*Goal of the exercise*:
Once you have located the line containing "نیم ست عقیق سرخ یمنی نقره زنانه طرح ریحانه" in the material below, return it exactly along with each line after it through the line containing "Кормящая хлопчатобумажная футболка".

*Source information*:
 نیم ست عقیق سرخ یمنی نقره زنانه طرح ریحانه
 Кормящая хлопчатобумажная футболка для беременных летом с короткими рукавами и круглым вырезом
==
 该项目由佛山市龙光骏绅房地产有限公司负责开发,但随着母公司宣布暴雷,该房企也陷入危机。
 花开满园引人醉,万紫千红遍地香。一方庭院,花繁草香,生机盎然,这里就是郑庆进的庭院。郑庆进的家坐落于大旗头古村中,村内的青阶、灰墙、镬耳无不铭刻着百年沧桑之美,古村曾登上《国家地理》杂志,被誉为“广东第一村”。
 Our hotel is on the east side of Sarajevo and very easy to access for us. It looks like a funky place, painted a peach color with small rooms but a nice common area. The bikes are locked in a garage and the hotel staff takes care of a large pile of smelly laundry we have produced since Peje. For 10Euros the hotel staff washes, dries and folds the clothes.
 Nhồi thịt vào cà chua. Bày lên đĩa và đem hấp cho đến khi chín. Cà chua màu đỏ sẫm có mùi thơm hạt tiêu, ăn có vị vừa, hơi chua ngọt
--
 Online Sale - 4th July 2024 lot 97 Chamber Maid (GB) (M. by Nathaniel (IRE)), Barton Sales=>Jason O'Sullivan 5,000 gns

*Solution to the exercise*:
 نیم ست عقیق سرخ یمنی نقره زنانه طرح ریحانه
 Кормящая хлопчатобумажная футболка для беременных летом с короткими рукавами и круглым вырезом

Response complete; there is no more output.